実は私が制作しているマップエディタのオブジェクト描画に、この OT に似た方式を採用しています。今時の PC はリストの並べ替えもほぼ一瞬で終わってしまうため、OT そのもののような処理は行ってはいないですが、1980年代の PC やゲーム機でなら、この OT の仕組みを採用することで、処理速度を稼ぐことが出来たりします。

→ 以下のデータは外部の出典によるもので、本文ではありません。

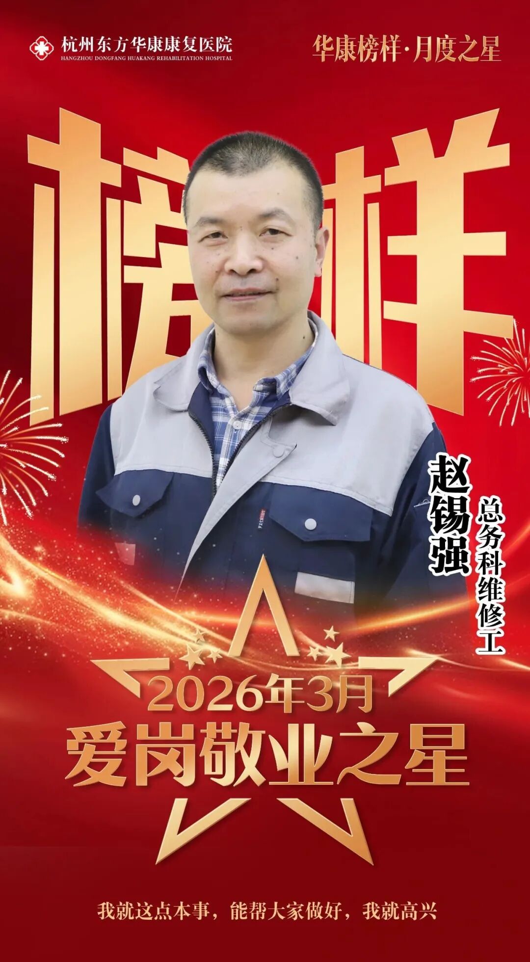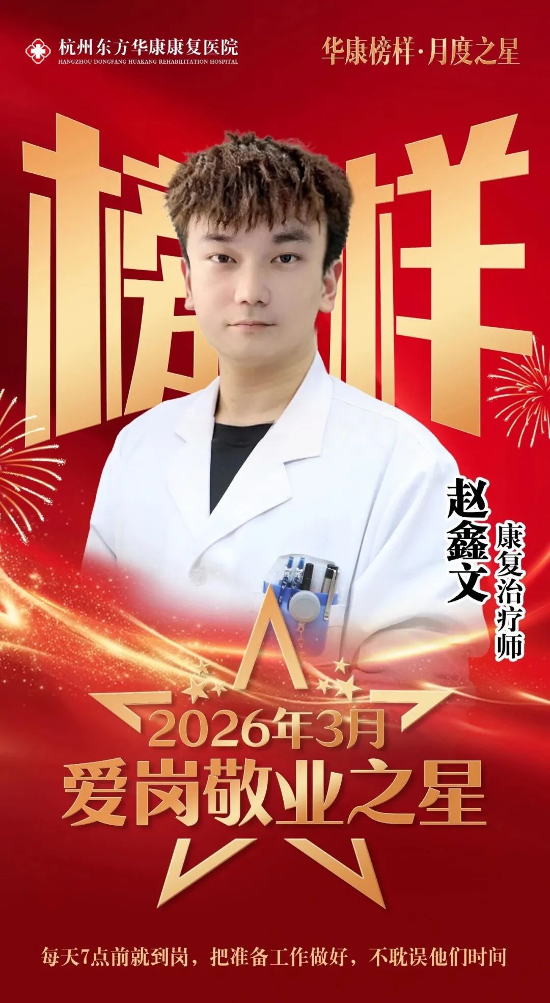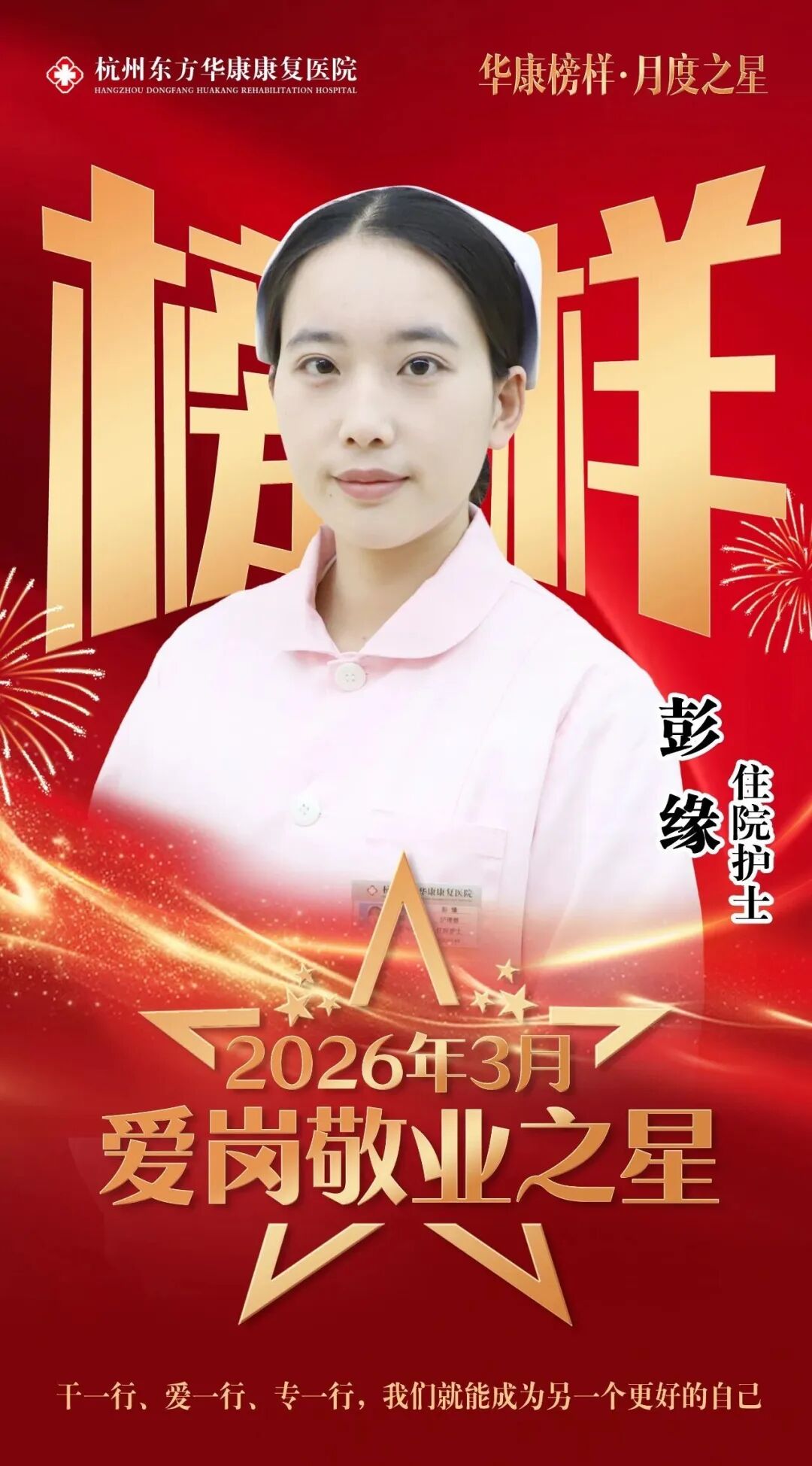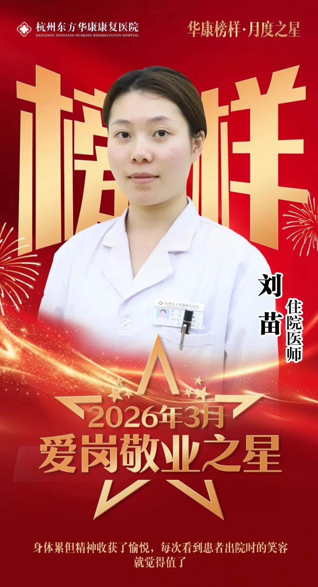 2026 年是东方华康医疗集团“三年服务内涵行动”深化之年。为弘扬敬业奉献精神、树立先进典型、激发全院职工干事创业热情,杭州东方华康康复医院开展“华康榜样・月度之星”评选活动。3 月,刘苗、彭缘、赵鑫文、赵锡强四位员工凭借扎实专业、责任担当与暖心服务,获评“爱岗敬业之星”,在平凡岗位上书写不凡坚守。

また、巨大なリストに対してある値が含まれているかの検索で、普通に検索を行うとやたらと遅くなってしまいますが、これも OT の考え方でデータを振り分けておくと、一気に高速化する事ができます。このあたりのテクニックは C# List.Contains の高速化で説明してありますので興味があれば参照してみてください。簡単に説明すると Y 座標毎にリスト分解して Y に対応したリストで X を探すという処理となっています。
- 言語を問わない
上記の高速化は C# ですが、この OT の仕組みは言語や機種を問わず採用することが出来ます。Z80 の場合は、例えば画面が 40x25 というサイズだとすると、25個分のリストエントリポインタを用意しておき、Y 座標に応じたリストに X の値を繋げていくだけです。C# のような List の仕組みがなくても、片方向リストは自分で作ることが出来ますから、言語を問わないのです。リスト構造に関してはこちらを参照してください。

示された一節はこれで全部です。